The specialization additional abilities are shown in the specialization pane in-game, those are usually at least exclusive of 1 spec or shared between 2 of them.

And then there are talents which are different between specs, some more than others.

Yes but that just proves that you’re just one of their errand boys basically…
There is no meaningful choice here.
If you were to become an ascended kyrian because you chose to align with them, physically change your character to look like them through an epic questline, damn… that would have been awesome, that would have been a meaningful choice.

Make it permanent or a really long questline to switch, both would have had my seal of approval.

As it is… it’s really watered down and meaningless.

You do realize that without that there is no new gameplaymechanic in the whole expansion.

Mate, fury, arms and prot are 3 separate classes with minimal overlap. I think they only have Throw as an overlapping ability lmao. Same with Prot and Ret, there’s so little overlap. All specs I’ve played play as individual classes.

What you’re not getting is that a subclass is something you choose to attach to your character. Some games do it by allowing you to subclass into another character, usually requiring you to level up that character.
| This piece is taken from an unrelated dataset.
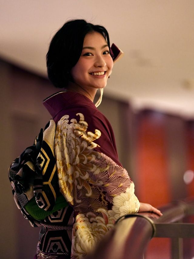 평소 경기장에서 보여주던 운동복 차림과 달리, 미야자키는 붉은색을 바탕으로 호화로운 자수가 놓인 일본 전통 의상 '후리소데'를 입고 등장해 현장을 매료시켰다.

For example, if you’re a rogue and want some warrior abilities, you can choose to level up a warrior and get some of its abilities. There’s some limitations of course.

I think in Lineage the subclass system had a specific set of “subclasses”, much like covenants here, but I really don’t remember, I didn’t play much when those came out.

Obviously the best was ArcheAge, where your class was a combination of 3 separate subclasses and you mixed and matched as you please. There’s like 15 subclasses and each combination of 3 has a unique name. It’s a great system, encouraging player choice. Leveling up a subclass took some time, but you could level all of them up on the same character and after you’re done with that, you could switch them at some cost. Your character had its own level, separate from the subclass level, so you could be a max level character running level 1 subclasses, just to level them up. You had finite skill points that you could spend between the 3 classes any way you please. <This is my favorite class system out of any game I’ve played.